(Stored records)
=-=-=

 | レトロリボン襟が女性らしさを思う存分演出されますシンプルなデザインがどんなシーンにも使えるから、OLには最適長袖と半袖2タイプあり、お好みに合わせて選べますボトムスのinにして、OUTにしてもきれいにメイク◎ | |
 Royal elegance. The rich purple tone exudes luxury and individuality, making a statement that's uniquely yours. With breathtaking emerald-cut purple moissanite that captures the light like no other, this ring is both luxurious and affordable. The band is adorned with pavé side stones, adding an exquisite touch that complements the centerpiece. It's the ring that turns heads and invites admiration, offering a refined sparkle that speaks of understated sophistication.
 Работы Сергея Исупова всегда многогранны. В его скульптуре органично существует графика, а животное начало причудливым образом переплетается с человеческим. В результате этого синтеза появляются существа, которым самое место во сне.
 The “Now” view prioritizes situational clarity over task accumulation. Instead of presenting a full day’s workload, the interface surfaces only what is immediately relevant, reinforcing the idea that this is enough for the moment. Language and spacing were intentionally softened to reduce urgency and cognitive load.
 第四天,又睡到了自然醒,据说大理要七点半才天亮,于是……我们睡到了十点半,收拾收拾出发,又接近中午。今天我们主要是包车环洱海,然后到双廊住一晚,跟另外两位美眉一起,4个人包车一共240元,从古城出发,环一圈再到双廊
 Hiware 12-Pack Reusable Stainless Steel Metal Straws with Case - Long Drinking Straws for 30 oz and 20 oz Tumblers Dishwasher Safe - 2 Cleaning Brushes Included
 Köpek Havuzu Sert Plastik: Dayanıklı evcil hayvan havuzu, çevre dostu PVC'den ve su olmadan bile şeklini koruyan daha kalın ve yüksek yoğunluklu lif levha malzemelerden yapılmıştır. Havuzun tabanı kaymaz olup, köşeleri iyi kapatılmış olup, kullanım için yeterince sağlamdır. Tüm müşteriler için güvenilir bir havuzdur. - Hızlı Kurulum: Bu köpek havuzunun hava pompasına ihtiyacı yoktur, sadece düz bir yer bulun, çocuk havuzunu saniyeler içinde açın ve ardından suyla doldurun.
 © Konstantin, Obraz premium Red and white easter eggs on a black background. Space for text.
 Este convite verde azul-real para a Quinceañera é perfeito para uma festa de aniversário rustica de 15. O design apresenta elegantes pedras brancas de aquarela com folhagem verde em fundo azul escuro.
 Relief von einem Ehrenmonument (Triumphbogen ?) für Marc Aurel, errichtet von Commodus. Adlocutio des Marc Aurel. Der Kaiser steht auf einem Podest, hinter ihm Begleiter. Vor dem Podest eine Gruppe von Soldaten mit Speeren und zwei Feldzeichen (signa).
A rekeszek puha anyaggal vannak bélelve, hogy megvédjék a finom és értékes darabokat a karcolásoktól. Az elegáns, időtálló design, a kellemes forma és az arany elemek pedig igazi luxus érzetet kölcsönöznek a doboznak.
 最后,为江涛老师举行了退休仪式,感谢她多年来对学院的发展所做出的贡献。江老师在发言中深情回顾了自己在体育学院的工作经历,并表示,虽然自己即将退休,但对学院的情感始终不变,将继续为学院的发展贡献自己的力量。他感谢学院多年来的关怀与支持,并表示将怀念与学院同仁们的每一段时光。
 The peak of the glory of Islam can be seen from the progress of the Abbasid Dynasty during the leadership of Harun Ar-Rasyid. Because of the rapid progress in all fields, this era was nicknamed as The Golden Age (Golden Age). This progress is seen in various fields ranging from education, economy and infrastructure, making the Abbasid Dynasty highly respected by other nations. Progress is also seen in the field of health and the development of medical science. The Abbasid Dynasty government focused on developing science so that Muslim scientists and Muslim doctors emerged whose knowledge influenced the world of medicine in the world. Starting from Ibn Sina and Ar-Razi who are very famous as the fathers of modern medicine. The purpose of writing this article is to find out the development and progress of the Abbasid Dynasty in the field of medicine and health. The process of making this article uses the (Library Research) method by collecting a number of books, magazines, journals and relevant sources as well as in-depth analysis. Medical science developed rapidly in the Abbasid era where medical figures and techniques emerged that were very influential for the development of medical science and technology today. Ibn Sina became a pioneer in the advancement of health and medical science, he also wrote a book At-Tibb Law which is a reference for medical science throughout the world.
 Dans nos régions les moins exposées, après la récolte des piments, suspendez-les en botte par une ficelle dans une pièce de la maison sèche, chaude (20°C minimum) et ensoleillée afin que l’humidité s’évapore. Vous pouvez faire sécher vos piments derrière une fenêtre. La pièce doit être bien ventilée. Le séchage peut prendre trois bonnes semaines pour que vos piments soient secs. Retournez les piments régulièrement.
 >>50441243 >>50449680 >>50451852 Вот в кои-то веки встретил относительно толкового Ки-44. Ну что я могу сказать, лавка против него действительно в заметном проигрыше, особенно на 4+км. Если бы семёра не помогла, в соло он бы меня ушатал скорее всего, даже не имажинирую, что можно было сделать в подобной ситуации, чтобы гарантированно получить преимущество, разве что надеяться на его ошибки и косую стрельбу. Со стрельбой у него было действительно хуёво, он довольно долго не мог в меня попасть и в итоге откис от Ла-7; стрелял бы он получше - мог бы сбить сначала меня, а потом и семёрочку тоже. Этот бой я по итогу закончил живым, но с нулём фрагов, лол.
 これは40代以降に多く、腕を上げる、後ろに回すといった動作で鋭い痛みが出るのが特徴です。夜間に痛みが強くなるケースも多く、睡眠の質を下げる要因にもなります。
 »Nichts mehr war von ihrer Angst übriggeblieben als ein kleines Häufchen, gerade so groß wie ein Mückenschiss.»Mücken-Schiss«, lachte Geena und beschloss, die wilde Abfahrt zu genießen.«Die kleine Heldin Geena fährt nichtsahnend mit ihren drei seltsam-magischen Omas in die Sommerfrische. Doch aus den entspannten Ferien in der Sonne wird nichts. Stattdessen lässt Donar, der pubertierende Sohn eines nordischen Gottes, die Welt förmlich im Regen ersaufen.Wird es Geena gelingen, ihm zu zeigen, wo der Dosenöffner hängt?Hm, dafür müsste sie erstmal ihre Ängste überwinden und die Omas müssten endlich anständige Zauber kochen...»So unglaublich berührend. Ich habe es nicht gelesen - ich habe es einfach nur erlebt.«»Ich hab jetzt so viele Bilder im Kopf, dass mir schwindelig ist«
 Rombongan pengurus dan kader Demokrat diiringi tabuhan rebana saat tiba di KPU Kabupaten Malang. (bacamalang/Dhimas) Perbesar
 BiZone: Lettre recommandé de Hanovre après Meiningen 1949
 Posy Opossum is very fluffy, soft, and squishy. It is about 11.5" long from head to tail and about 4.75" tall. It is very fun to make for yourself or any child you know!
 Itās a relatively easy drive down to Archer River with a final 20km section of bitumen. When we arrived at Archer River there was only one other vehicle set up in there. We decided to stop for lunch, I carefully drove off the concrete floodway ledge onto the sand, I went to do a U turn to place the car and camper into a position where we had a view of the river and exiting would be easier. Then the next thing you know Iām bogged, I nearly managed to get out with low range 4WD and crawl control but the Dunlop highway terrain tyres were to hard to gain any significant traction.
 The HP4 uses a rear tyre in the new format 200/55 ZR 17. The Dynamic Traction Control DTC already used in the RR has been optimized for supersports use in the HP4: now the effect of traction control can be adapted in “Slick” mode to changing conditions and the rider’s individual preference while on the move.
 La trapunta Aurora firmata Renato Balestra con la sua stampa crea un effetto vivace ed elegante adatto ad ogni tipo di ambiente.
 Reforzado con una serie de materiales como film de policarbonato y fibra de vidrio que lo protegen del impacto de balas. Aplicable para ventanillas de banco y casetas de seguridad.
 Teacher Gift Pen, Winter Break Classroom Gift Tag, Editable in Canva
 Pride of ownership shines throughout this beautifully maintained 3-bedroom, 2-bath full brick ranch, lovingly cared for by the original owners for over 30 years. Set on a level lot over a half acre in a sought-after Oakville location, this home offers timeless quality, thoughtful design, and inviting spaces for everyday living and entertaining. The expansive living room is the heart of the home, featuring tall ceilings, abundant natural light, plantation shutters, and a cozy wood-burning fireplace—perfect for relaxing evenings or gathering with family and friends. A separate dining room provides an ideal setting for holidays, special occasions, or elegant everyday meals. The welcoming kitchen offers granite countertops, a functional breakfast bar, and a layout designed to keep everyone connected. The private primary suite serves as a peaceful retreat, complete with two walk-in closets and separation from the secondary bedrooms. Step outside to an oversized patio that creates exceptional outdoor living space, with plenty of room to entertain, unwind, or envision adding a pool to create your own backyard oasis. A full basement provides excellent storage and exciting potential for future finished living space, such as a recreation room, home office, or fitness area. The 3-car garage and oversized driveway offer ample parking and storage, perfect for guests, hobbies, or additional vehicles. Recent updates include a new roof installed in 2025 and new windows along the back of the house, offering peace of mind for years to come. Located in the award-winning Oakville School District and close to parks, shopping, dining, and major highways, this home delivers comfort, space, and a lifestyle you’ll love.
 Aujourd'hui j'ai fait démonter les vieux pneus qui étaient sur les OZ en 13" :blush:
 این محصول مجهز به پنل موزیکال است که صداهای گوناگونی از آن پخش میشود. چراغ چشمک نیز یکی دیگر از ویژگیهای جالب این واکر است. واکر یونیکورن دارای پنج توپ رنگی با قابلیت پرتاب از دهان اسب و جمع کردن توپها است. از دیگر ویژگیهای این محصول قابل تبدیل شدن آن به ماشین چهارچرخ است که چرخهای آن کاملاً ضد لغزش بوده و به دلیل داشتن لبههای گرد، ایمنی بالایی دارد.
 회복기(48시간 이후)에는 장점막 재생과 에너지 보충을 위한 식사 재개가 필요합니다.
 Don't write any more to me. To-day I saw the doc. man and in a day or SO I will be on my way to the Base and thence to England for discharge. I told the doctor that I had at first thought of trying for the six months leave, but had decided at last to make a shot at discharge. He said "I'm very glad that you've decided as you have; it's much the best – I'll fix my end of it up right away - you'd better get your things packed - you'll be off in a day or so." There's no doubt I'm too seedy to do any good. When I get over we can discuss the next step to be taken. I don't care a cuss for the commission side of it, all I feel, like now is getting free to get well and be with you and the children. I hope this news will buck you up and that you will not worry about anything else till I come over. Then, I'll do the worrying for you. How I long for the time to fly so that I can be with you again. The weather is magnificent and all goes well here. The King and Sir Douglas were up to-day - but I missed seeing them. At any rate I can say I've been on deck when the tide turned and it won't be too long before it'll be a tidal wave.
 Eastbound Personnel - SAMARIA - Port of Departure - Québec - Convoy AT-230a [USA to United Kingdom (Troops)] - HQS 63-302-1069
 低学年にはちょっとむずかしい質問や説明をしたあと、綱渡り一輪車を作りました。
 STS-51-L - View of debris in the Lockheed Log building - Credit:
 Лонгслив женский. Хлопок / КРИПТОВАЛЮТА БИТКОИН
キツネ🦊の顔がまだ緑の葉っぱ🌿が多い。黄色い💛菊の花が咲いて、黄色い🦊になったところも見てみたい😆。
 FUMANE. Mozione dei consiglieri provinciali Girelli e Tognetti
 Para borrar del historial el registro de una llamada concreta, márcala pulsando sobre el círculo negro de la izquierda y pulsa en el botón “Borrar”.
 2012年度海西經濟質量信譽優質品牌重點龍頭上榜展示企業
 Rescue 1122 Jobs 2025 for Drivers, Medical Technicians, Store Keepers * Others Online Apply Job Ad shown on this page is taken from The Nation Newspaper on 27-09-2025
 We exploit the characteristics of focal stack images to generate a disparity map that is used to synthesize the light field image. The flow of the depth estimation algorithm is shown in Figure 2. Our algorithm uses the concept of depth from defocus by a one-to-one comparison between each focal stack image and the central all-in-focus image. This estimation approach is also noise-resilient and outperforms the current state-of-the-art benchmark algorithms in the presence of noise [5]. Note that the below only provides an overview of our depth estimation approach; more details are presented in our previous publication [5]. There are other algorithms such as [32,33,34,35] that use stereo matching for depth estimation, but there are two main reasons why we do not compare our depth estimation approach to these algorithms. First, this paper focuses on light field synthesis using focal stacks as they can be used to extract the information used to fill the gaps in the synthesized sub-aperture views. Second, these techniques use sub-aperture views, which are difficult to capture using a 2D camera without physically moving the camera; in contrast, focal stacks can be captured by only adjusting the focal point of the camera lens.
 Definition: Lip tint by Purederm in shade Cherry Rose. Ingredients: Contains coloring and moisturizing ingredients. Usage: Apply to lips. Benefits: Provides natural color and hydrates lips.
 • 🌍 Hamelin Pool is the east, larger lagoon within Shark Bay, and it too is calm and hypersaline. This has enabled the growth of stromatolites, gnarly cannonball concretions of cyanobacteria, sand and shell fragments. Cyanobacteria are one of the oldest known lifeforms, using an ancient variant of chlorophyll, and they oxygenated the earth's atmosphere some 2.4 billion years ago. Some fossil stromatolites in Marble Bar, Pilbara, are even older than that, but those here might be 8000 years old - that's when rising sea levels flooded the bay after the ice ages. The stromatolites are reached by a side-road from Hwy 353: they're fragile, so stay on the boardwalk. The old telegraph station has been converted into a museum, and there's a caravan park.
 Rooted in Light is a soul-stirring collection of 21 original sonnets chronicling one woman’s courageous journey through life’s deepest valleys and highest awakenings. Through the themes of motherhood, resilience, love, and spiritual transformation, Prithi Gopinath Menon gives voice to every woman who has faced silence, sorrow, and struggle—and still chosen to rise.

=-=-=

▶ [Task instructions]:
Each line above with the word "après" must be returned.

▶ [Output for this exercise]:
 Dans nos régions les moins exposées, après la récolte des piments, suspendez-les en botte par une ficelle dans une pièce de la maison sèche, chaude (20°C minimum) et ensoleillée afin que l’humidité s’évapore. Vous pouvez faire sécher vos piments derrière une fenêtre. La pièce doit être bien ventilée. Le séchage peut prendre trois bonnes semaines pour que vos piments soient secs. Retournez les piments régulièrement.
 BiZone: Lettre recommandé de Hanovre après Meiningen 1949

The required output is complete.